Search code examples
pythonpytorchfastapisentence-transformers

GPU out of memory when FastAPI is used with SentenceTransformers inference


I'm currently using FastAPI with Gunicorn/Uvicorn as my server engine. Inside FastAPI GET method I'm using SentenceTransformer model with GPU:

# ...

from sentence_transformers import SentenceTransformer

encoding_model = SentenceTransformer(model_name, device='cuda')

# ...
app = FastAPI()

@app.get("/search/")
def encode(query):
    return encoding_model.encode(query).tolist()

# ...

def main():
    uvicorn.run(app, host="127.0.0.1", port=8000)
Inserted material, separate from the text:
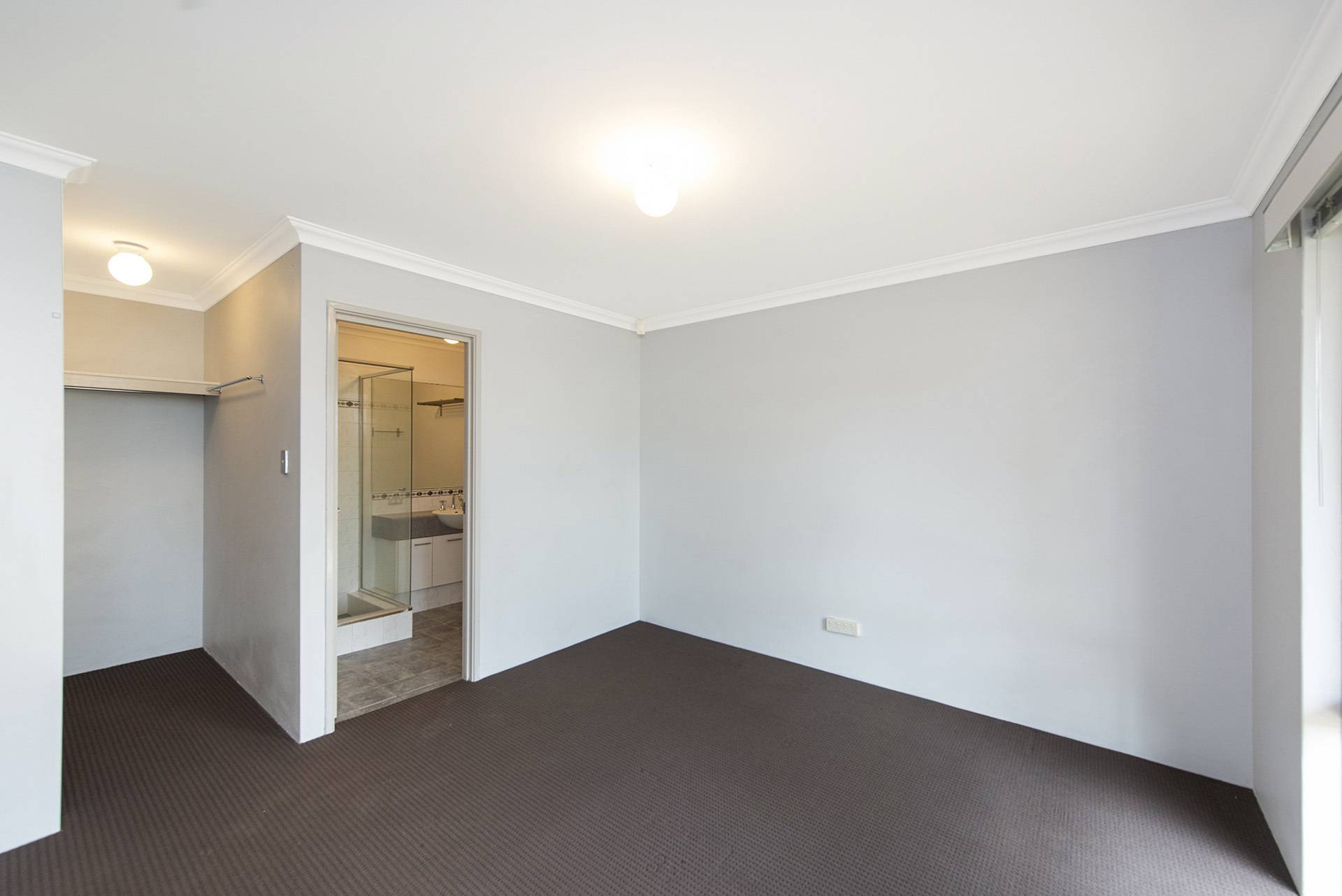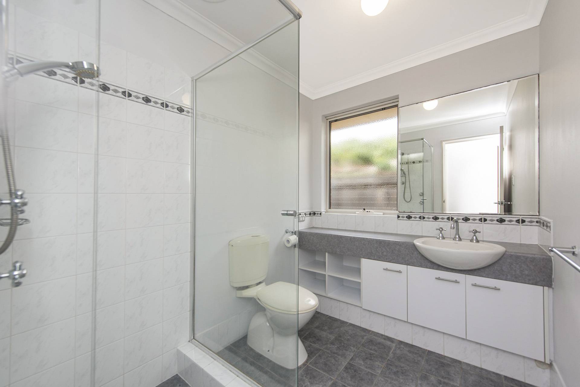 The master bedroom is complete with blinds and a spacious walk-in robe. A semi-frameless shower with removable showerhead, semi-recessed basin and WC can be found in the ensuite.

if __name__ == "__main__":
    main()

I'm using the following config for Gunicorn:

TIMEOUT 0
GRACEFUL_TIMEOUT 120
KEEP_ALIVE 5
WORKERS 10

Uvicorn has all default settings, and is started in docker container casually:

CMD ["uvicorn", "app.main:app", "--host", "0.0.0.0", "--port", "8000"]

So, inside docker container I have 10 gunicorn workers, each using GPU.

The problem is the following:

After some load my API fails with the following message:

torch.cuda.OutOfMemoryError: CUDA out of memory. 
Tried to allocate 734.00 MiB 
(GPU 0; 15.74 GiB total capacity; 
11.44 GiB already allocated; 
189.56 MiB free; 
11.47 GiB reserved in total by PyTorch) 
If reserved memory is >> allocated memory try setting max_split_size_mb to avoid fragmentation.  See documentation for Memory Management and PYTORCH_CUDA_ALLOC_CONF

Solution

  • The problem was that there were 10 replicas of my transformer model on GPU, as @Chris mentioned above. My solution was to use celery as RPC manager (rabbitmq+redis backend setup) and a separate container for GPU-bound computations, so now there is only one instance of my model on GPU, and no race between different processes' models.